Main Question
can we teach computers to learn like humans do, by combining the power of memorization and generalization?
Study Resources
Tensorflow Tutorial
Nice Qiita Post in Japanese
Research Blog
Visual Concept
Case Study
Let's say one day you wake up with an idea for a new app called FoodIO*. A user of the app just needs to say out loud what kind of food he/she is craving for (the query). The app magically predicts the dish that the user will like best, and the dish gets delivered to the user's front door (the item). Your key metric is consumption rate—if a dish was eaten by the user, the score is 1; otherwise it's 0 (the label).
You come up with some simple rules to start, like returning the items that match the most characters in the query, and you release the first version of FoodIO. Unfortunately, you find that the consumption rate is pretty low because the matches are too crude to be really useful (people shouting “fried chicken” end up getting “chicken fried rice”), so you decide to add machine learning to learn from the data.
Wide Model
It is good at memorising all those sparse and specific rules.
Ex) AND(query="fried chicken", item="chicken and waffles")
Deep Model
It is able to greatly generalise to similar items via embeddings.

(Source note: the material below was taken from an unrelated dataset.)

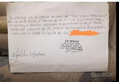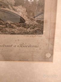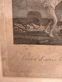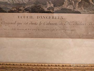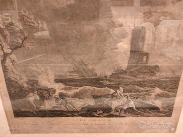 Pregiata incisione del XVIII secolo, incorniciata, titolo "Ecueil Dangereux", opera di Adrian Zingg. - Cornice dorata con decorazioni , non antica. - Incisione di alta qualità con scena marina e torre. - Firmata A. Zingg in basso. -Adrian Zingg fu un pittore/incisore svizzero ( 1734/1816). -L'incisione raffigura una scena di naufragio. -Perfette condizioni estetiche. Titolo: Ecueil dangereux ( trappola pericolosa). - L' incisione è relativamente grande, di qualità, certificata, molto più bella dal vivo (il vetro non permette di vedere bene la scena del naufragio), risale al 1700, nord Europa, ed è tratta da un quadro del pittore Claude Joseph Vernet ( allego foto quadro del Vernet da cui è tratta l'incisione) il quale era solito, negli innumerevoli ritratti di paesaggistica marina, rappresentare eventi naturali come naufragi, tempeste, bonacce. - La stampa/incisione è del 700 : carta del 700, incisore del 700, dipinto da cui è tratta è del 700. - Ingombro ovvero misure del quadro 57 cm X 60. - Incisione senza passpartou : 44 x 40 cm. Nessuna responsabilita' per danni da spedizione. Spese di spedizione 25 euro, a parte. Imballaggio accurato. Per ulteriori informazioni, prima e nn dopo la eventuale vendita.

query = "fried chicken", item = "chicken fried rice"
Wide & Deep Model
While analysing customer behaviour, we have found these two types of issues exist.
- Very targeted and specific query: "Hot latte with whole milk"
- More explanatory and vague query "Seafood", "Italian Food"
Approach : Why not combine both models?
Hence, the cross-feature transformation in the wide model component can memorize all those sparse, specific rules, while the deep model component can generalize to similar items via embeddings.